Tuesday 10 July 2007

The complicated and chaotic mind of Shaz

I'm in a reflective mood today and as I am avoiding doing any work at all, I figured it was time for a blog. Lately I have been contemplating a few things.... Life, Friends, and Change.

LIFE in general is good. Not perfect, I doubt it ever will be, but for the most part, I'm content. I still lack direction and this sometimes scares me, but I'm learning that things will happen in time, and there's no point stressing about things we have little control over. I have been listening to friend's advice lately and it is all starting to sink in. Impatience is a curse that I suffer from and I drive myself insane with it. But I'm learning that those things we have to wait for are almost always worth it.

My best friend Jodie-Anne gave birth to her son on Friday and he's beautiful. This, as you can imagine, got me thinking.... life is ticking away, and what do I have to show for it. Yes, I have awesome friends, a family that loves me, and a job I generally love, but yet I still feel I'm holding back from beginning my life. I remember being 16 and (like most 16 year old girls) planning out my future. I always thought I would be married by 24, and would have started a family by now. My Brother (whom is younger, I should add) is married, has a Son, and another one on the way, and I feel some what inferior in comparison.
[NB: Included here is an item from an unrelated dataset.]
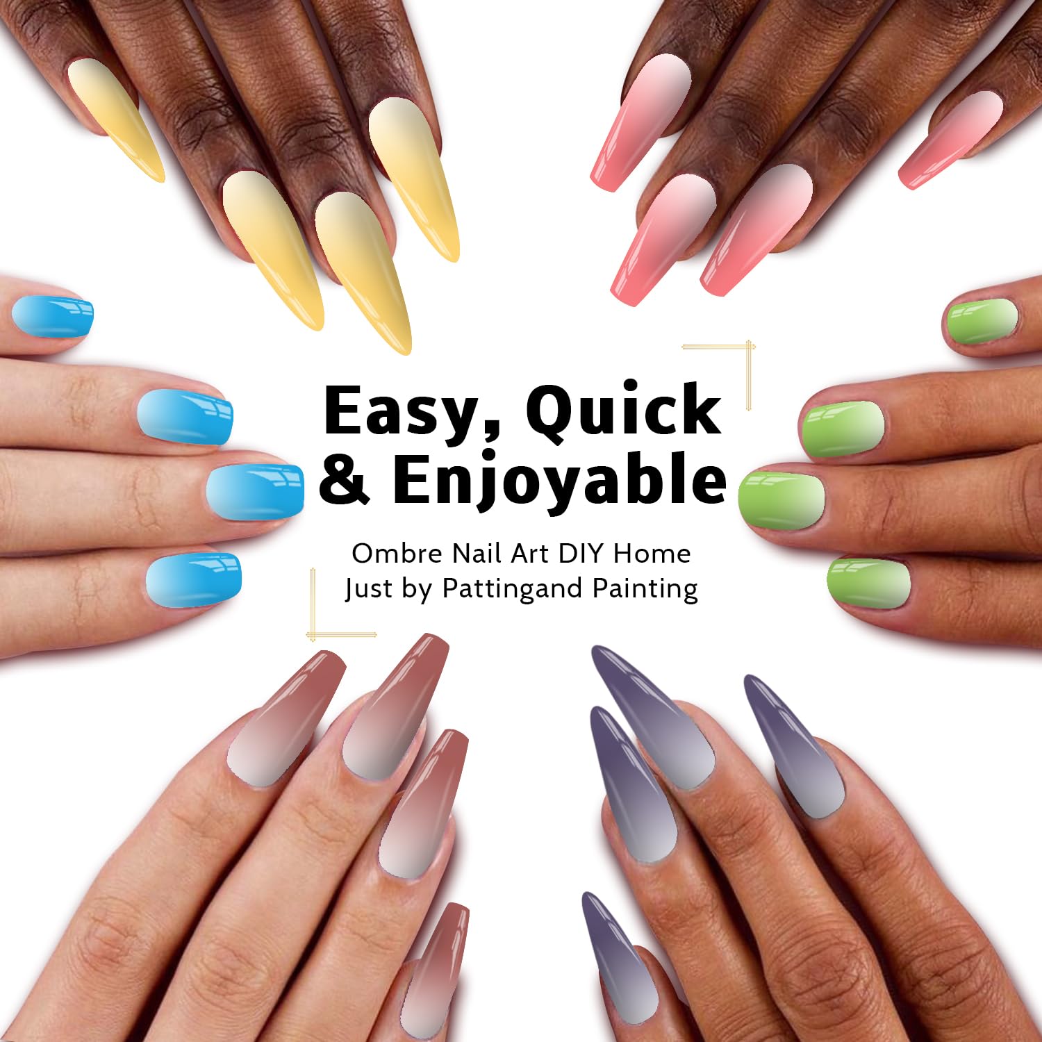 - 【EASY USE:】All steps are the same as normal UV/LED nail gel: 1.Clean and Prep; 2. Base coat and cure. 3. Apply color gel and cure. 4. Top coat and cure. 5. Clean nails and apply oil. Karroy ombre painting nail gel is easy to use: just grabbing a sponge and picking up your desire color, and patting sponge on your nail, you will get wonderful gradient coloring nails!

What defines a successful life? What are we truly measured by? Is it marriage, and children? Is it a career? Or is it how happy and fulfilled we feel about ourselves? And is there a time line that we should be striving to follow?

It seems everywhere I turn at the moment, I hear about another engagement or another baby, and I consider, should I be one of these people? My family of course, are not helping matters at all. For the last 3 years they have been pointing out the obvious at every given moment... it's time to settle down now Shaz, Dave is already married, wow.... better get a move on. This naturally ignites my inner rebel and I take four steps back. Why is it so important for others to dictate my future? I'm satisfied with where I am at present (I think) and therefore I should just stop stressing about pleasing others, and what their opinions of me are. I think I just answered my own question!

Moving right along..... Next topic.... FRIENDS. I have made some great new friends during the last six months. My life has improved so much since meeting Amy-Felicity. I have never felt so accepted and appreciated than I have since meeting her and all of you. A particular person recently called me a "breathe of fresh air" and they have no idea how much this impacted my life and especially my self confidence. I feel I have changed a lot this year and this is greatly due to my new friends. You are all so liberating, and you all seem so carefree (the majority of the time). I was talking to an old friend the other day and she made the comment that I seem some what different. In fact her wording was, "you seem happy and a lot more confident". I immediately told her about you all and that I met you at a point in my life, where I was ready for change. I have always had friends whom were stronger than me, so that I felt as though I had someone to follow or to hide behind. This was evidently a defense shield as believe it or not, I use to be the shyest person I knew. It wasn't until becoming a dance teacher that I started to come out of my shell. I still find myself a little quiet sometimes but I can normally snap out of it before anyone notices. Isn't it funny how different our perceptions of ourselves and those of others can be so completely opposite. And how our outer appearances can hide how we are truly feeling on the inside. All our insecurities and fear can be camouflage with a simply smile or laugh. And if that fails.... have another drink! There's nothing better to disguise fear than alcohol! Hehehe!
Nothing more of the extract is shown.